Der Listenhund Definition, Rassen, rechtliche Folgen & Auflagen
Als Listenhund (auch Anlagen- oder Kampfhund) wird ein Hund bezeichnet, der aufgrund landesrechtlicher Regelungen als potenziell gefährlich eingestuft wird. Dem Gesetzgeber nach wird den Listenhunden aufgrund ihrer Rassezugehörigkeit ein erhöhtes Aggressionspotenzial unterstellt, unabhängig vom individuellen Verhalten des Tieres.
Rechtliche Grundlagen
Die rechtlichen Grundlagen für Listenhunde setzen sich in Deutschland aus Bundesrecht, Landesrecht und kommunalem Recht zusammen. Da das Hunderecht primär Ländersache ist, gibt es kein einzelnes, bundesweit einheitliches Gesetz. Demzufolge entscheidet jedes Bundesland selbst, welche Rassen auf der Liste stehen, bzw. den entsprechenden Anlagen zugeordnet sind und welche Regeln gelten. In manchen Bundesländern ist die Haltung bestimmter Rassen ganz verboten, in anderen gibt es keine Rasselisten.

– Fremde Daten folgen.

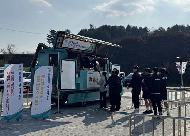 지난 28일 평창동계훈련센터에서는 올림픽을 100일 앞두고 훈련에 여념이 없는 선수들을 대상으로 '금빛에너지 데이'를 운영했다. 사전 선호도 조사를 통해 마련한 특식과 푸드트럭을 통해 간식을 제공하고, 선수·지도자·임직원이 함께 참여하는 응원 메시지 이벤트를 열었다.

Bundesrecht: Verbringungs- u. Einführungsverbot
Auf Bundesebene regelt das Gesetz zur Beschränkung des Verbringens oder der Einfuhr gefährlicher Hunde in das Inland (HundVerbrEinfG) den Import bestimmter Rassen.
- Einfuhrverbot: Es ist strikt untersagt, Hunde der Rassen Pitbull-Terrier, American Staffordshire-Terrier, Staffordshire-Bullterrier und Bullterrier (sowie deren Kreuzungen) nach Deutschland zu importieren oder zu verbringen.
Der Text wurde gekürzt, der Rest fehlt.